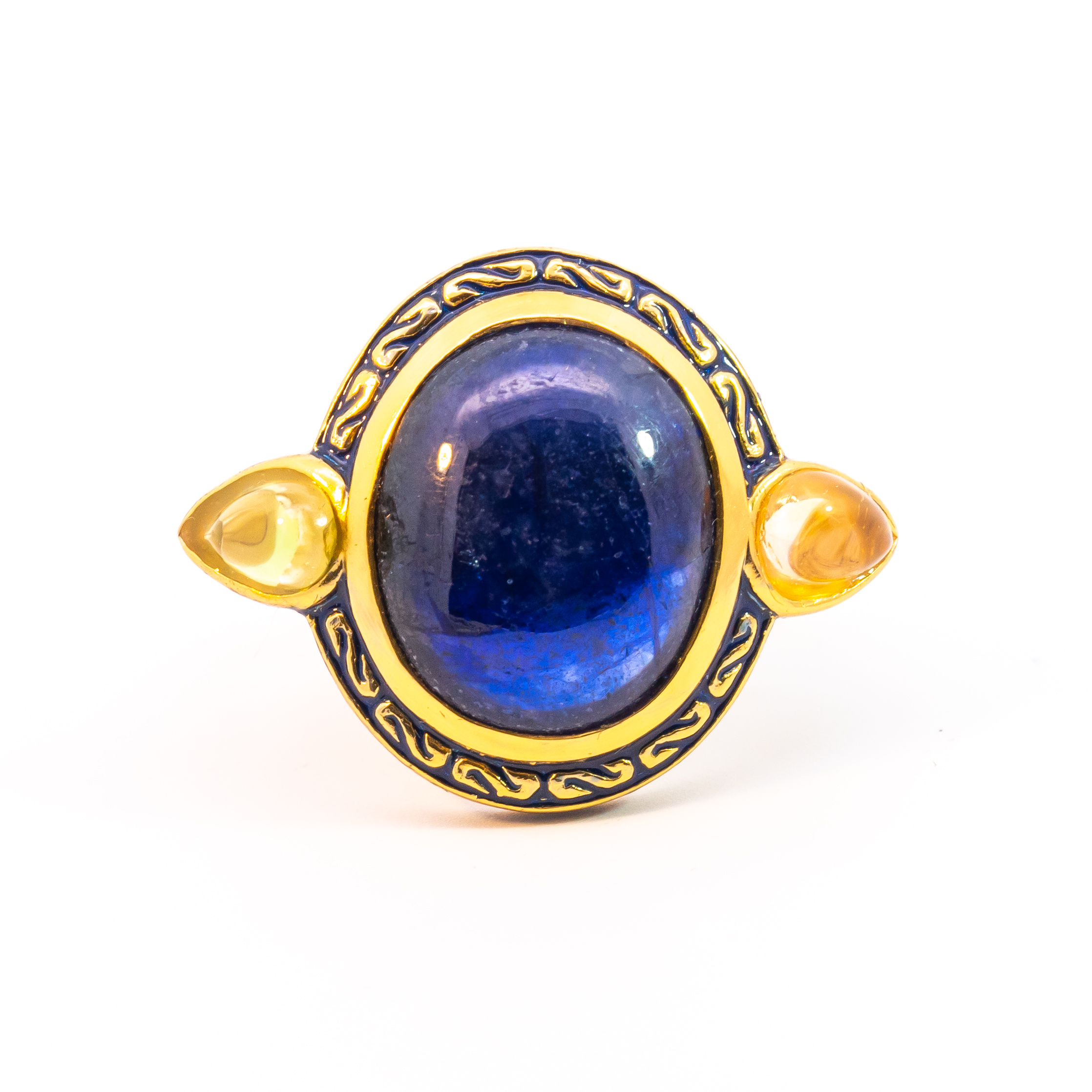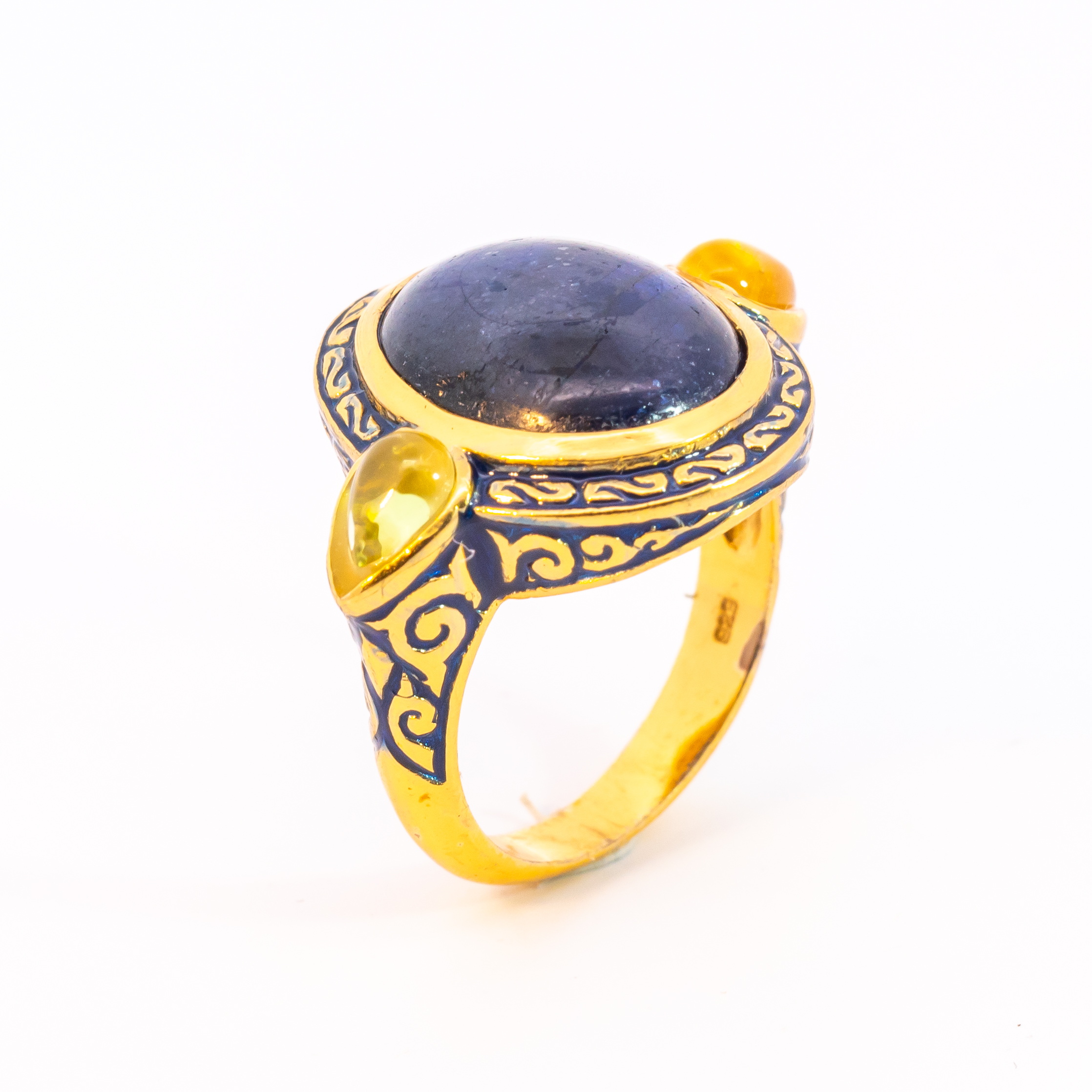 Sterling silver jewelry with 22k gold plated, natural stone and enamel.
...
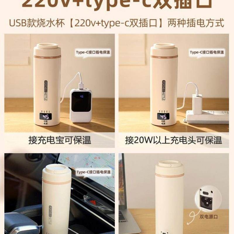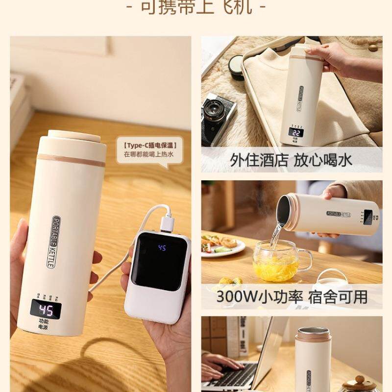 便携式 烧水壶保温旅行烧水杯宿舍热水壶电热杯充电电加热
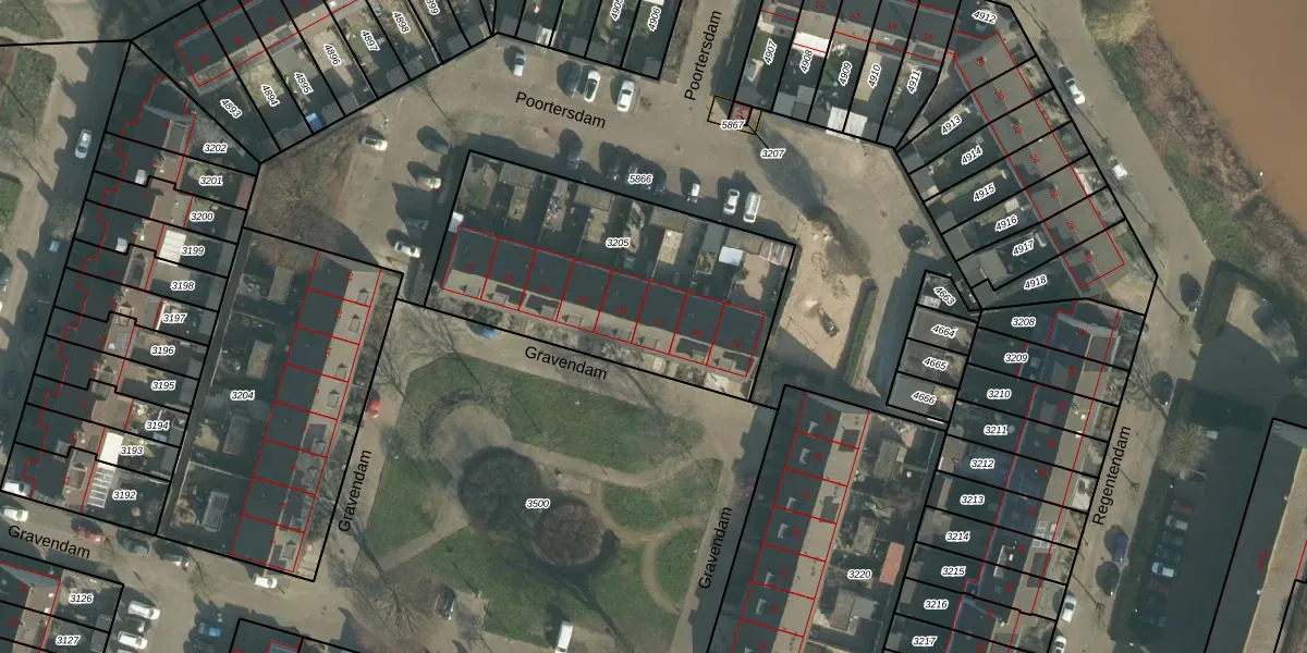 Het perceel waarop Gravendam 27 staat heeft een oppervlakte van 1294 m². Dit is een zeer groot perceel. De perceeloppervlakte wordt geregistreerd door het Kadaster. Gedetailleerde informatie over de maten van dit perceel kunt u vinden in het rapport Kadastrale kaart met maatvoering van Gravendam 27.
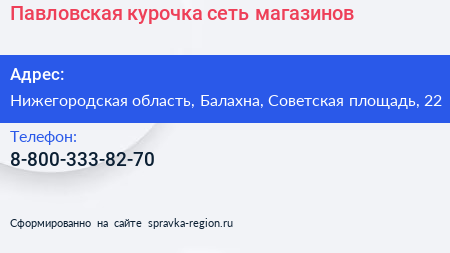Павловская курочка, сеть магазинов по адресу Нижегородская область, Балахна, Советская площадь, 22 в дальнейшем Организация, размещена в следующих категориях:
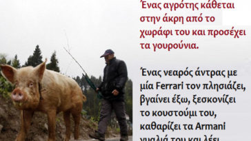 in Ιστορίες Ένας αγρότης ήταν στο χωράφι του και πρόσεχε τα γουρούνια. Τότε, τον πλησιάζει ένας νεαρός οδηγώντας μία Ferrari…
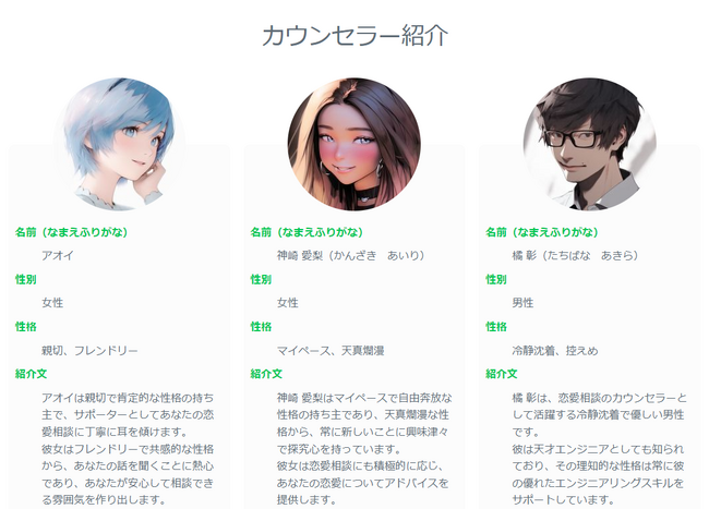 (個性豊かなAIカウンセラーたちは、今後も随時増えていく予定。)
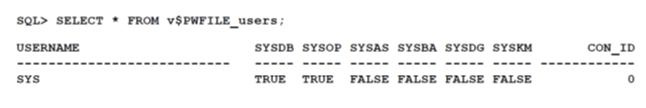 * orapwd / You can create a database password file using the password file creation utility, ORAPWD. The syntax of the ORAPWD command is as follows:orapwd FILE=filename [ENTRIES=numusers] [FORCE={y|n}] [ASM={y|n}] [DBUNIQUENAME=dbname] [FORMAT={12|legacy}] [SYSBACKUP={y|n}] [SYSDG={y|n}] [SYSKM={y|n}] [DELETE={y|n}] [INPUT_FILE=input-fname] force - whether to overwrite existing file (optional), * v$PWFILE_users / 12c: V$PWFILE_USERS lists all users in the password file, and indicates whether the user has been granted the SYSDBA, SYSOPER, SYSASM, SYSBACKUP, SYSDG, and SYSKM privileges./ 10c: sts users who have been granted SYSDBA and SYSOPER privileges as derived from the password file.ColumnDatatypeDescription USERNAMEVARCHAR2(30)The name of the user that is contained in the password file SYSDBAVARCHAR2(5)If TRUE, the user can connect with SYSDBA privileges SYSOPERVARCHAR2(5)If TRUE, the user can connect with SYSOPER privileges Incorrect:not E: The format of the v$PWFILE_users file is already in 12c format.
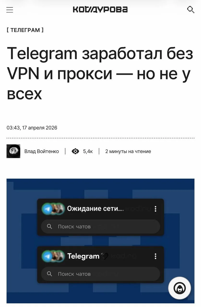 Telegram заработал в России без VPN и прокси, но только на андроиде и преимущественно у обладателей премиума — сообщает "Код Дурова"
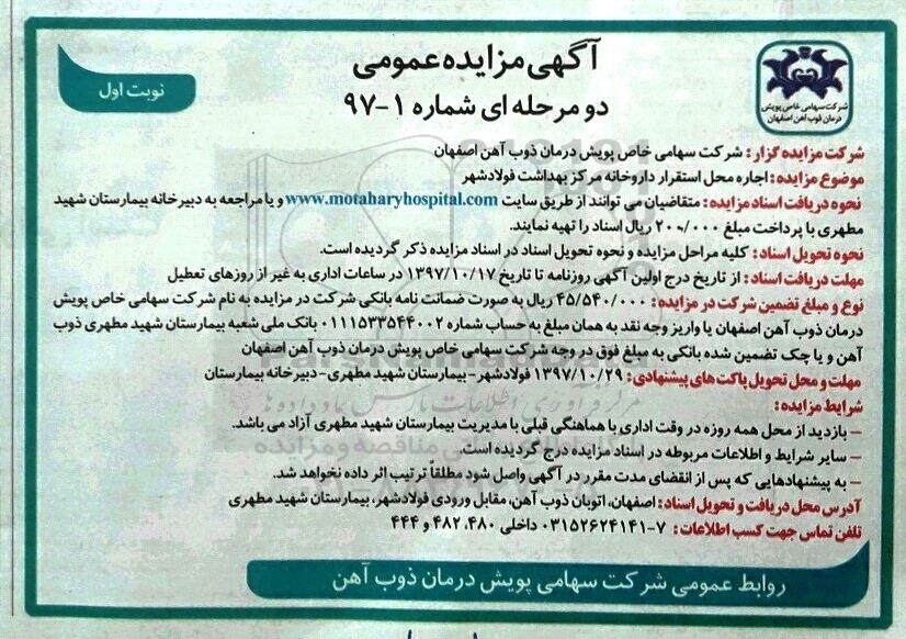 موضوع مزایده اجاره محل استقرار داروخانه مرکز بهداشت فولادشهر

--- Assigned task ---
Reproduce exactly the lines of the data above that run from the line with "in Ιστορίες Ένας" down to the line with "(個性豊かなAIカウンセラーたちは、今後も随時増えていく予定。)", both ends included. Pictures do not belong in the copy.

--- Response ---
 in Ιστορίες Ένας αγρότης ήταν στο χωράφι του και πρόσεχε τα γουρούνια. Τότε, τον πλησιάζει ένας νεαρός οδηγώντας μία Ferrari…
 (個性豊かなAIカウンセラーたちは、今後も随時増えていく予定。)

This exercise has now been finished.